*Problem requirements*.
Give back the exact lines of the material below from the one containing "Рис.3216 Колготки гладкие" through the one containing "Antivirüs programlarının bilgisayardan", and no pictures.

### Given records

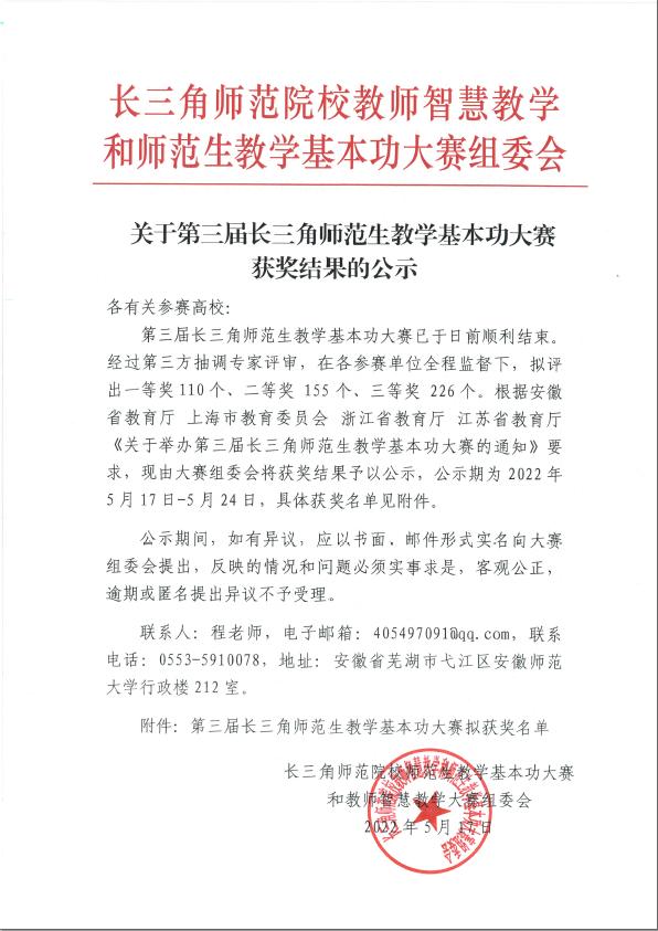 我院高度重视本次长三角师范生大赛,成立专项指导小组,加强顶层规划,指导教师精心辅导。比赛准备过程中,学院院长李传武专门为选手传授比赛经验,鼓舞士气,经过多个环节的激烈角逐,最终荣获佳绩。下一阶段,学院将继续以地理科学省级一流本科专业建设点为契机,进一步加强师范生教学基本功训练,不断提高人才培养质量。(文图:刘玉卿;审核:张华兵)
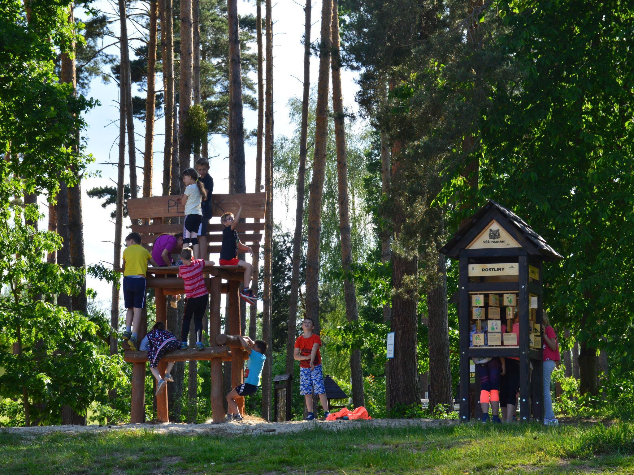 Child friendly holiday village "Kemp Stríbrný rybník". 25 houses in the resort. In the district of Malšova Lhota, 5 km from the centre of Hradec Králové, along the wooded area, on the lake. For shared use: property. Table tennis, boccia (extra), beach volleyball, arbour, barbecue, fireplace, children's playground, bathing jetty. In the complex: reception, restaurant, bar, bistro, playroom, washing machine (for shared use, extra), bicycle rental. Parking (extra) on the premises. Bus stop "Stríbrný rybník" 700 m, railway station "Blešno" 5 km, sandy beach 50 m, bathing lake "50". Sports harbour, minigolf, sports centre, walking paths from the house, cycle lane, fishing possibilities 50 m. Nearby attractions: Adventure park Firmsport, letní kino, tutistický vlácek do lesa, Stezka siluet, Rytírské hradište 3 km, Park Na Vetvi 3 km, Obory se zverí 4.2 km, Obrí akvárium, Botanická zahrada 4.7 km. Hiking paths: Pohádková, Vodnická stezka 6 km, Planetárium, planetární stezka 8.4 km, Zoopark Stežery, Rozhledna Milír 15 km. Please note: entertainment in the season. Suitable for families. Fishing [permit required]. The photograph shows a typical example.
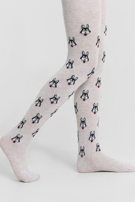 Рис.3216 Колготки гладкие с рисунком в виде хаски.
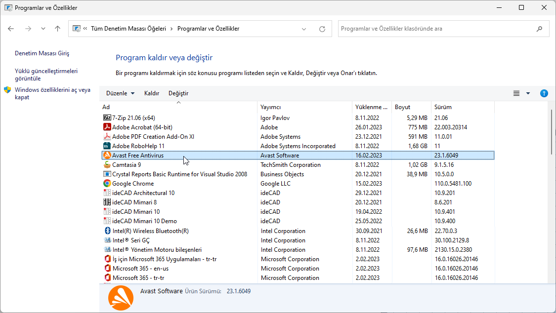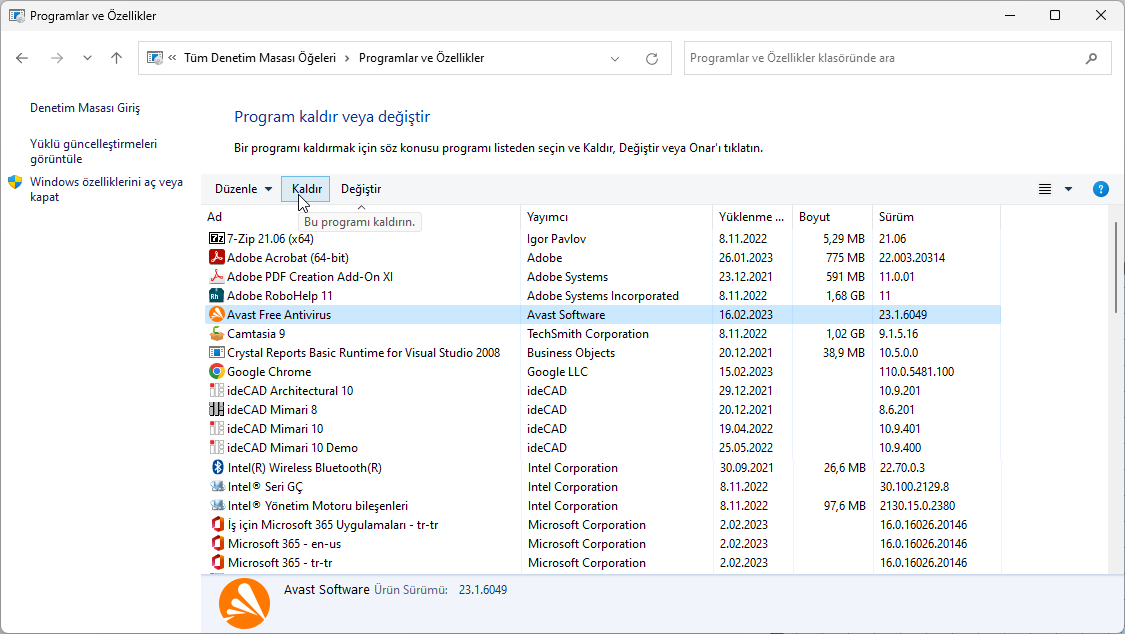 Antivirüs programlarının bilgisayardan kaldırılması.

######
### Given records

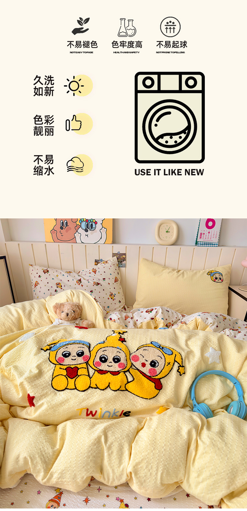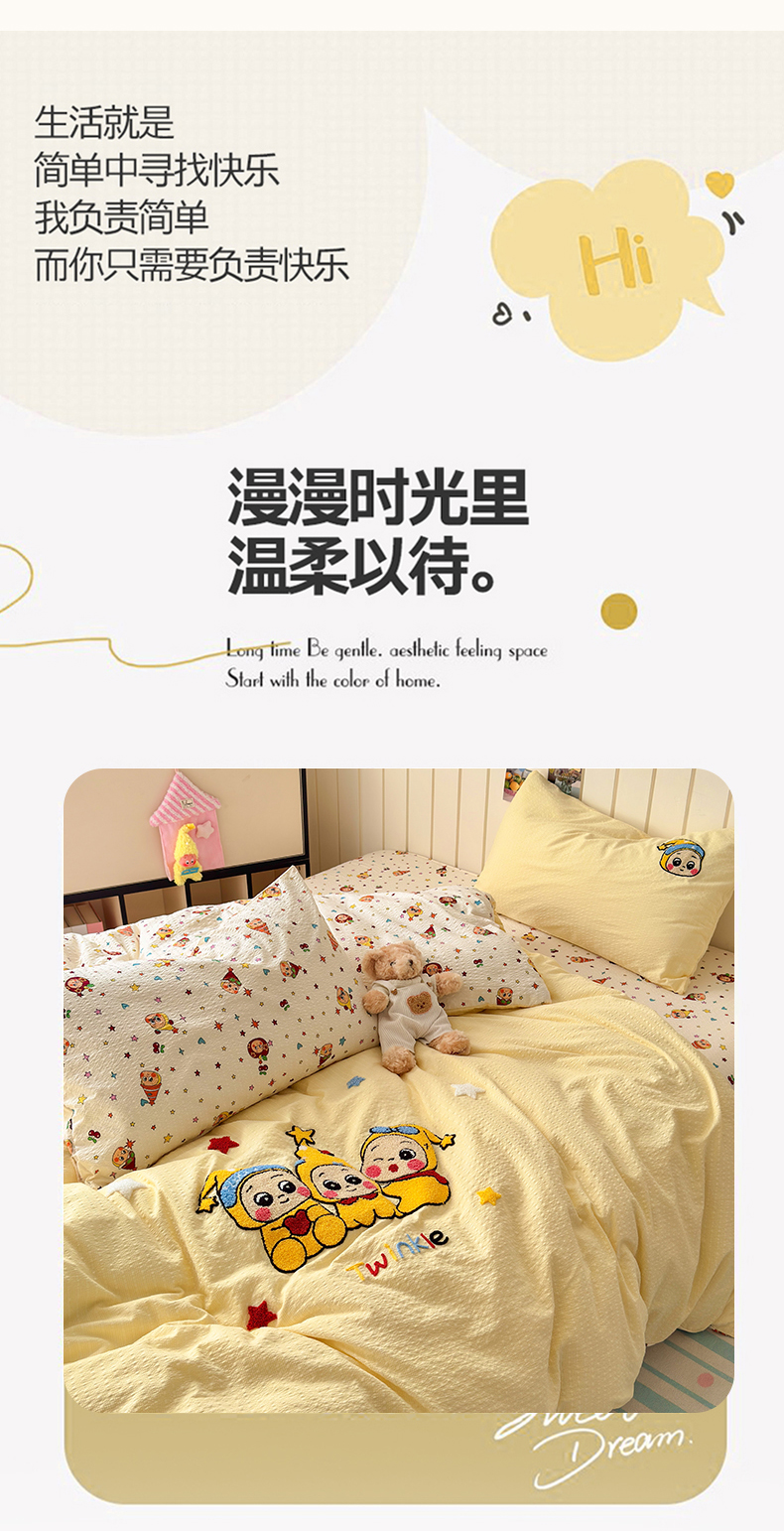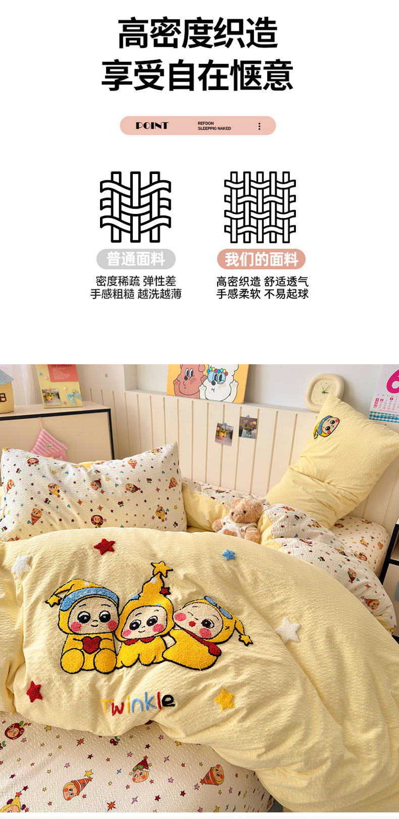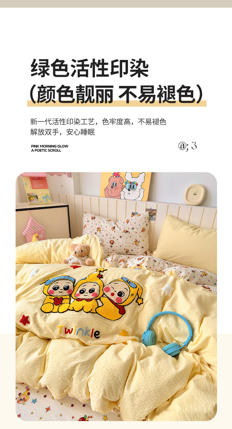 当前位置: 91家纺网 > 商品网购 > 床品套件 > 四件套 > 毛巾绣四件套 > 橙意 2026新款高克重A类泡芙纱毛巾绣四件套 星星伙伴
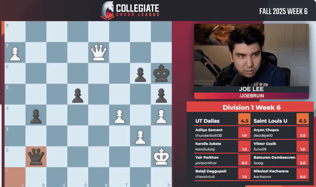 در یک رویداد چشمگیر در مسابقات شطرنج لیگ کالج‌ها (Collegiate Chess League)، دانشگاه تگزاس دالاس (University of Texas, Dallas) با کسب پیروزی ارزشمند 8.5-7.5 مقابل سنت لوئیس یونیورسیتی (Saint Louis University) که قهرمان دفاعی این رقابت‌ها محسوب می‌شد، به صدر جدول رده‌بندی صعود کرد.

######

*Result below*.
 Рис.3216 Колготки гладкие с рисунком в виде хаски.
 Antivirüs programlarının bilgisayardan kaldırılması.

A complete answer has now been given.